Reply not to me with a fool-born jest;
Presume not that I am the thing I was;
For God doth know, so shall the world perceive,
That I have turn'd away my former self.
- W. Shakespeare, Henry IV part II.

Carolyn well reminds us to keep the tone of our discussions sober and scholarly, and I desire nothing more.

Another thing I have been doing since I spoke to you last, is to teach the Confessions of Saint Augustine; about which, should the list and its owners approve, I may say a word or two in the coming weeks.

When planning the course, I gave some thought as to what translation I would recommend to my students - I myself, of course, use O'Donnell's excellent critical edition. I settled on Chadwick's (Oxford World Classics). However, as the course has progressed I find myself reverting more and more to Pusey's, now very old and wizened.

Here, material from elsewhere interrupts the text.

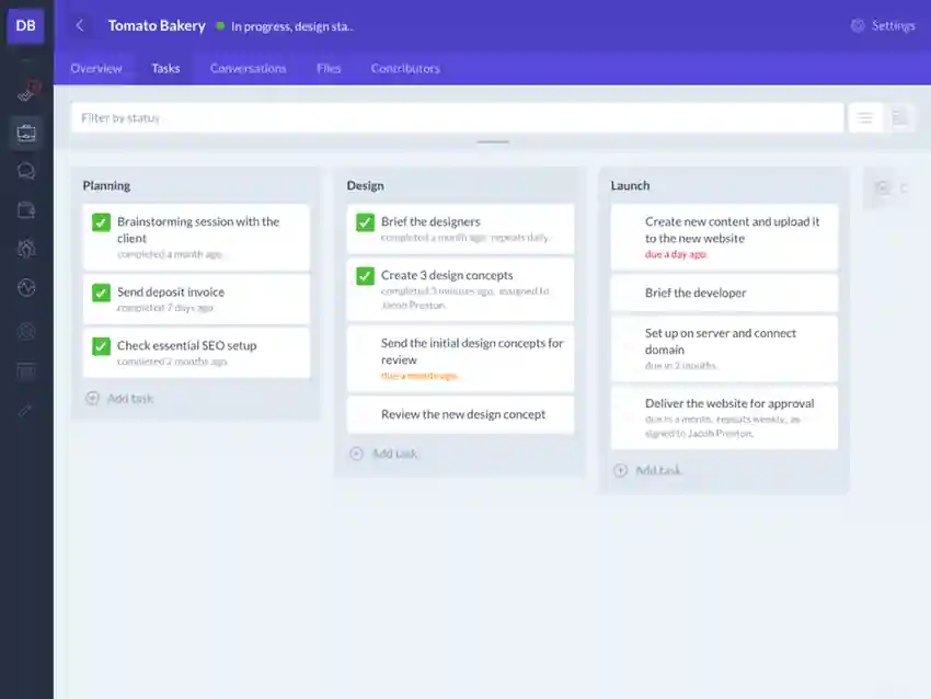 Plutio est une autre plateforme idéale pour les freelancers et constitue une excellente alternative à HoneyBook. Il intègre plusieurs fonctionnalités telles que la gestion de projet, les tâches et le suivi des factures dans un seul tableau de bord, ce qui est idéal pour ceux qui gèrent de petites entreprises. Il vous permet également de créer des propositions et des contrats à l'aide d'un outil glisser-déposer facile à utiliser, ce qui facilite la gestion des projets.

The advantage of Pusey's, it seems to me, is that it retains Augustine's images and metaphors, which are sometimes lost in Chadwick's. This is important, for example, in Book 2 of the Confessions. This begins to describe Aug's adolescence, his third "age" following infancy (infantia) and boyhood (pueritia). Aug. parallels this to the third day of creation in Genesis 1. Now on the third day God does two things: he orders the waters, setting bounds to them which they may not pass, setting them apart from the dry land; and he creates the seed-bearing plants, each bearing fruitful seed after its own kind.

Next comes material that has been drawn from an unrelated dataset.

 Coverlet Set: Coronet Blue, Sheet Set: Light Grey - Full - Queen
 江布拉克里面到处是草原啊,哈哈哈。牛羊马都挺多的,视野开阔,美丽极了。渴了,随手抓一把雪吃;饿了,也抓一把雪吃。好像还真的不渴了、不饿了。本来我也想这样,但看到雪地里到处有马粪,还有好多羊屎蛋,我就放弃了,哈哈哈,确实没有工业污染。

Aug. makes of himself a sort of disordered parody of this third day of creation. So images abound, on the one hand, of disordered water: whirpools, strong ocean currents and storms at sea, pots of water boiling over; and on the other, spilt and sterile seed, seed yielding thorns not the expected harvest.

To take the second image first: Aug. writes of falling 'in plura et plura sterilia semina dolorum'. Pusey renders this 'into more and more fruitless seed-plots of sorrows' which is about right; Chadwick renders it 'into more and more sterile things productive of unhappiness' which I think misses the metaphor, and hence the allusion.

Likewise Aug says he was 'sequens impetum fluxus mei'. Chadwick renders this 'following the driving force of my impulses.'  Pusey writes (I give a larger example): 'But I, poor wretch, foamed like a troubled sea, following the rushing of my own tide.'  I rest my case.

As always, I welcome the comments of any members generous enough with their time to make them.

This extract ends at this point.